Happy with the level of control Unravel was able to provide for Hive, the customer deployed Unravel for all other components – Spark, MapReduce, HBase, YARN and Kafka and made it a standard tool for DataOps management across the organization. Upon deploying Unravel, the team was presented with an end-to-end dashboard of insights and recommendations across the entire stack (Kafka, Spark, Hive/Tez, HBase) from a single interface, which allowed them to correlate thousands of pages of logs automatically. Previously, the team performed this analysis manually, with unmanaged spreadsheet tracking tools.
In addition to performance management, the organization was looking for an elegant means to isolate users who were consistently wasteful with the compute resources on the Hadoop clusters. Such reporting is difficult to put together, and requires cluster telemetry to not only be collected across multiple components, but also correlated to a specific job and user. Using Unravel’s chargeback feature, the customer was able to report not only the worst offenders who were over-utilizing resources, but the specific cost ramifications of inefficient Hive and Spark jobs. It’s a feature that enabled the company to recoup any procurement costs in a matter of months.

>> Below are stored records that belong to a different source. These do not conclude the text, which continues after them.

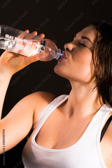 Sports women drinking bottle of water
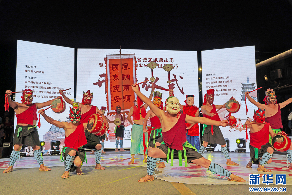 9月29日晚上举行的开市仪式上,演员在表演泰宁当地特色非遗项目大源傩舞。新华网发(泰宁县委宣传部供图)
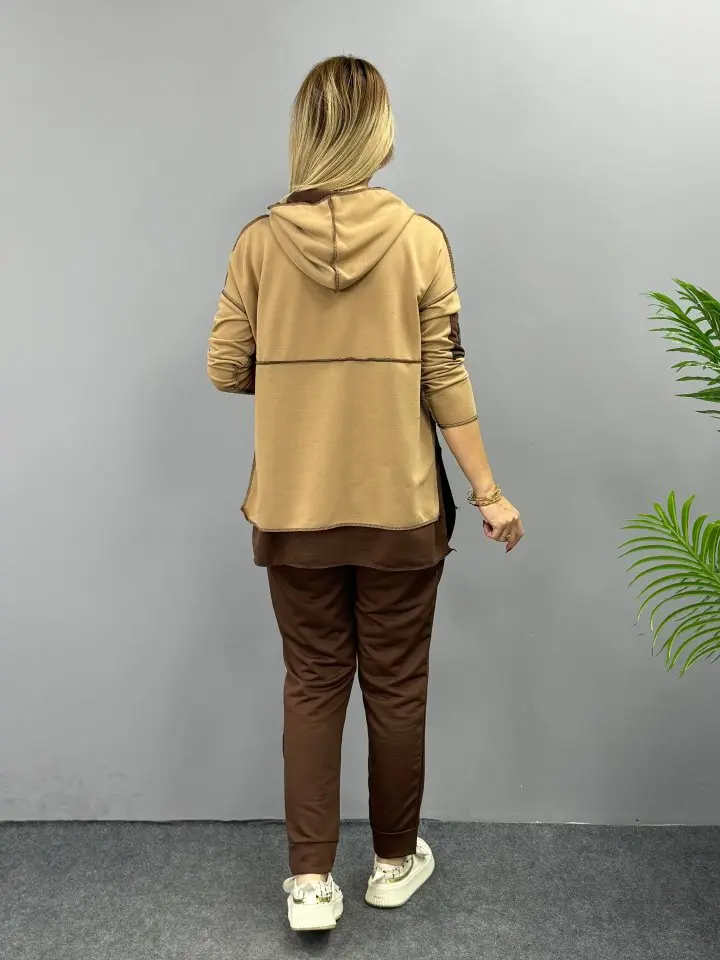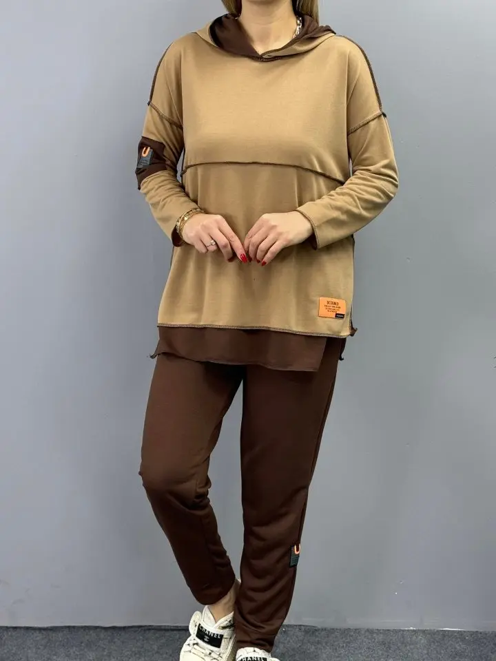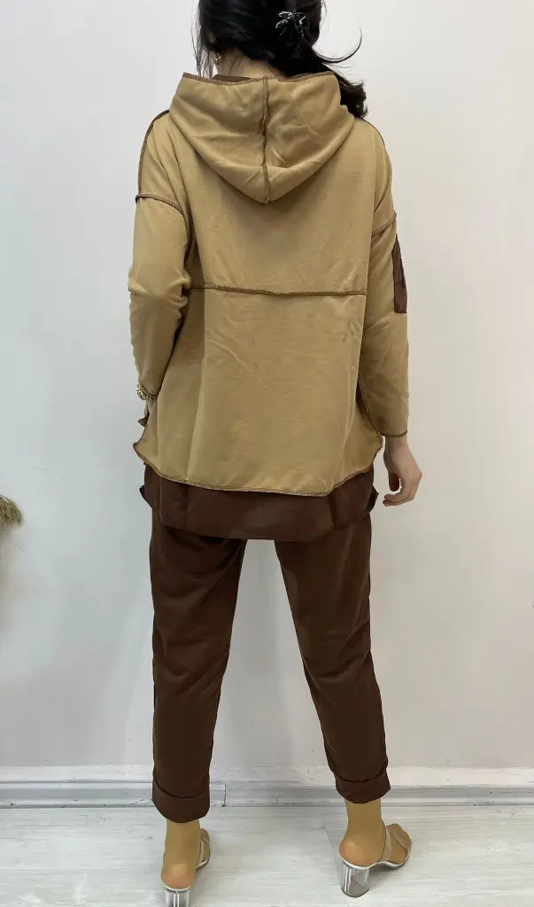 Kadın Kahve Kapşonlu Etek Ucu Detay Arma Ters Dikiş Gorunumlu Ikili Takım
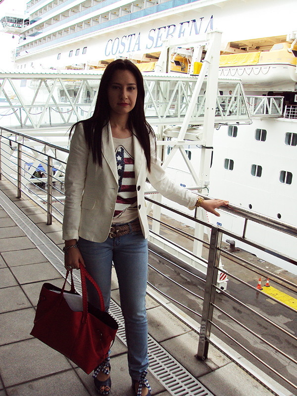 Salimos de casa con dirección al aeropuerto de Almería donde cogimos un avión operado por la compañía aérea Vueling con dirección al aeropuerto de Barcelona-El Prat. El viaje tuvo una duración de 1 h y 10 minutos. Cuando aterrizamos en el aeropuerto recogimos el equipaje y cogimos un taxi para desplazarnos hasta el puerto marítimo, una vez allí nos acercamos a unos mostradores habilitados por la compañía Costa Cruceros, donde nos identificamos y nos gestionaron la tarjeta magnética necesaria para embarcar. Ya sí, embarcamos en el crucero Costa Serena. Aquí comenzaban nuestras vacaciones en el mar.

Scalable modern data applications on the cloud are critical to the success of retail organizations. Using Unravel’s AI-driven DataOps platform, a top retail organization was able to confidently optimize its supply chain. By providing full visibility of their applications and operations, Unravel helped the retail organization to ensure their modern data apps are effectively architected and operational. This enabled the customer to minimize excess inventory and deliver high demand goods on time (such as water, bread, milk, eggs) and maintain long term growth.